■ COLLECTED DATA ■
************
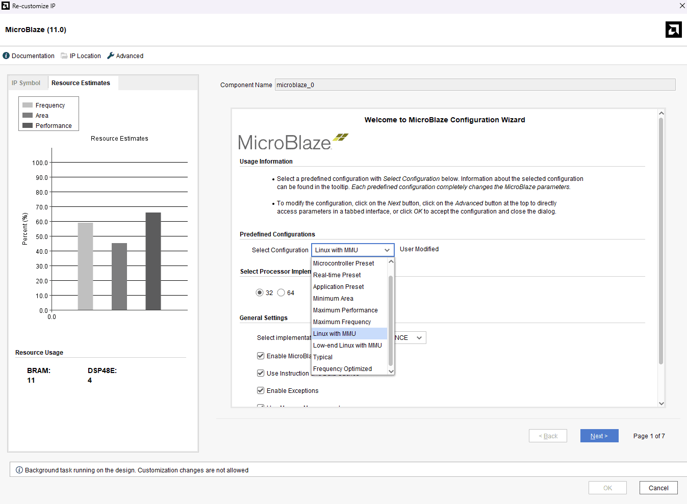 To run our Linux system, we will be modifying the above created Microblaze based design. We need to modify this Microblaze IP block to be able to run Linux on Mimas A7 board. Open the above created block design, double click on the Microblaze block and choose the Select Configuration as “Linux with MMU” as shown in the image below.
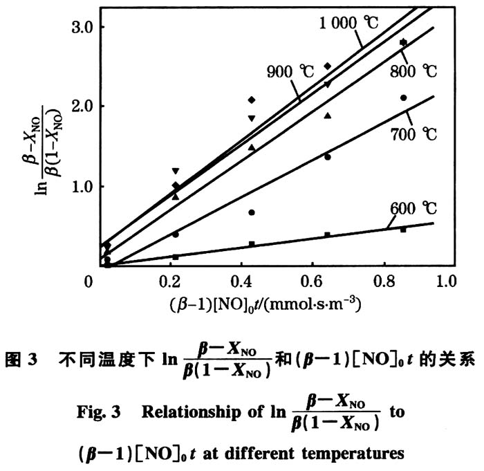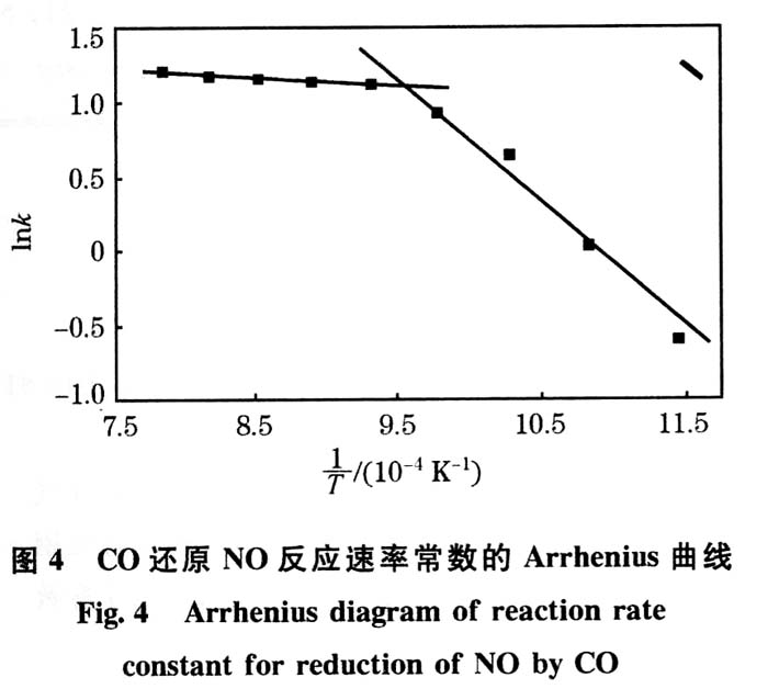 Arrhenius曲线在780℃处断开,说明反应机理也发生了变化。当反应温度高于780℃时,Ea较低,说明此温度范围内CO还原NO反应极易发生,烧结矿对CO还原NO反应有较强的催化作用。
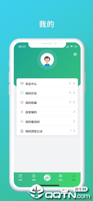 1、首先打开绿色青浦软件,进入后可切换至政务、服务、视听及我的页面,点击右下角的【我的】;
************
■ TASK OBJECTIVE ■
Reproduce all of the data exactly; the pictures do not belong in the copy.

■ YOUR SOLUTION ■
 To run our Linux system, we will be modifying the above created Microblaze based design. We need to modify this Microblaze IP block to be able to run Linux on Mimas A7 board. Open the above created block design, double click on the Microblaze block and choose the Select Configuration as “Linux with MMU” as shown in the image below.
 Arrhenius曲线在780℃处断开,说明反应机理也发生了变化。当反应温度高于780℃时,Ea较低,说明此温度范围内CO还原NO反应极易发生,烧结矿对CO还原NO反应有较强的催化作用。
 1、首先打开绿色青浦软件,进入后可切换至政务、服务、视听及我的页面,点击右下角的【我的】;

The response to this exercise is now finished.